Showing posts with label Ella. Show all posts
Showing posts with label Ella. Show all posts

Wednesday, October 26, 2011

Thursday, October 13, 2011

The Return of Sanity

Right now I'm blogging on the floor in my kitchen.  You're probably wondering why.  Well, my daughter is sleeping where my computer is and I'm a loud typer.  I'd rather not wake her up just yet.
Things are somewhat improving since I started my experiment.  Though I now have other factors working against me now.  I have a Parent/Teacher conference coming up, I've been trying to get Dedrick to be more responsible for his stuff, and suddenly Ella won't sleep unless she's in my arms/bed.  This is on top of all the other things I need to deal with right now.
However, I really enjoy this time to myself.  At least now I get a chance to eat breakfast now.

Wednesday, October 12, 2011

Wordless Wednedsay - Presents




I would have a picture of Dedrick with his present, but he came home with bad news and I got distracted.

Monday, September 19, 2011

Looking for the silver lining






Today was a long day.  Today there were fights and naps didn't get taken when they should have.

However, today we also had moments where my girls got along just like this.  It was definitely one of those, "You have to take the good with the bad." kind of days.

I know there will be more, but I hope 10 years from now I'll remember the good in the bad day rather than just the bad.

Saturday, September 17, 2011

Only child kind time



Today was Ella's day to be an only child.  I try to have days where each of my children can pretend they're an only child.  The only child that gets my attention.  The one that decides what we eat, where we go, and what we do when we get there.  I have three children and two hands.  I don't always have enough time in the day to give them individual love and attention like I would like to.

So, today was Ella's day.  Greg took the older two out to a corn maze and a hay ride while Ella stayed home with me.  We played on the floor, I sang to her, and we cuddled as long as she wanted to.

I started doing this after I had my first daughter.  Dedrick had a very hard time making the transition from being an only child to being a big brother.  Our special days made the transition a little easier for him.  Even Greg has gotten into the act and will take time to do special trips for just one child.  He took Dedrick on a just him and Grandpa fishing trip recently.  They had a lot of fun and it was really needed because Greg has been working a lot of hours lately.

When Ella gets older I'll be able to do this more often, but until then I'll do what I can.  I just think it's important for me to spend one on one time with my children as often as I can.

Do you make time for special one on one days for your children?

Friday, August 26, 2011

Ella Rose

I've been putting off my post about Ella.  She's very young and how I felt about her was complicated.  I resented her for a bit.  I resented the fact she made my plans more complicated.  I resented the fact she caused us to need a bigger vehicle.

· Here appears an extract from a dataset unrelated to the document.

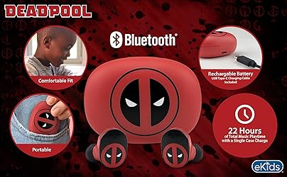 - Deadpool wireless earbuds feature a cool design inspired by the popular Marvel character! Stream your favorite audio content when you connect to any compatible device, including iPhone, Android, Samsung, and more. Listen to playlists, watch movies, TV, and YouTube, or use for gaming, audiobooks, and more. The built- in rechargeable battery allows up to 22 hours of total music playtime. Plus, the included charging case adds 2.5x extra charge. USB-C charging cable included. Use these earphones with microphone to stay connected with friends and family, too. With sleek Deadpool graphics, these earbuds make a great gift for any Marvel fan. Visit the eKids brand store to explore even more earbuds for kids.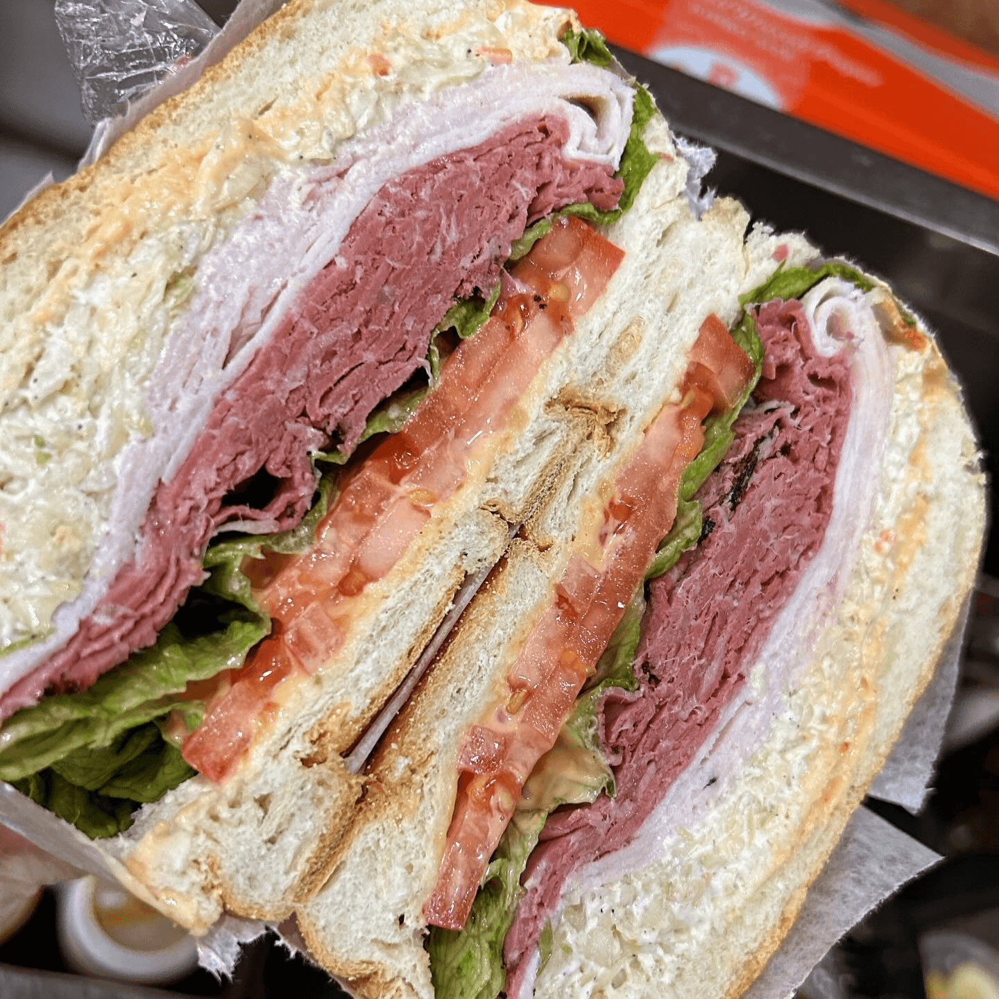 Roasted turkey, corned beef, Muenster cheese, Russian dressing and coleslaw

She's here now though and these things aren't her fault.  I find the more time I spend with her the more I appreciate her uniqueness.  The more I realize she completes our family.  She's a bundle of energy and giggles.  I love how observant she is.  She loves to try and attack my keyboard/cellphone/whatever electronic is within her reach.  She especially loves my cellphone because it's a touch screen phone.  She's realized that if she touches the screen that it does stuff.

Watching her learn and grow has become the upturn to my day.  I regretted Ella, but I'm accepting of her now.  Being a parent isn't easy.  Being a mother isn't easy and as much as people don't want to admit it sometimes you don't love your children right away.  Sometimes it takes time to love them.  You're only human and this is okay.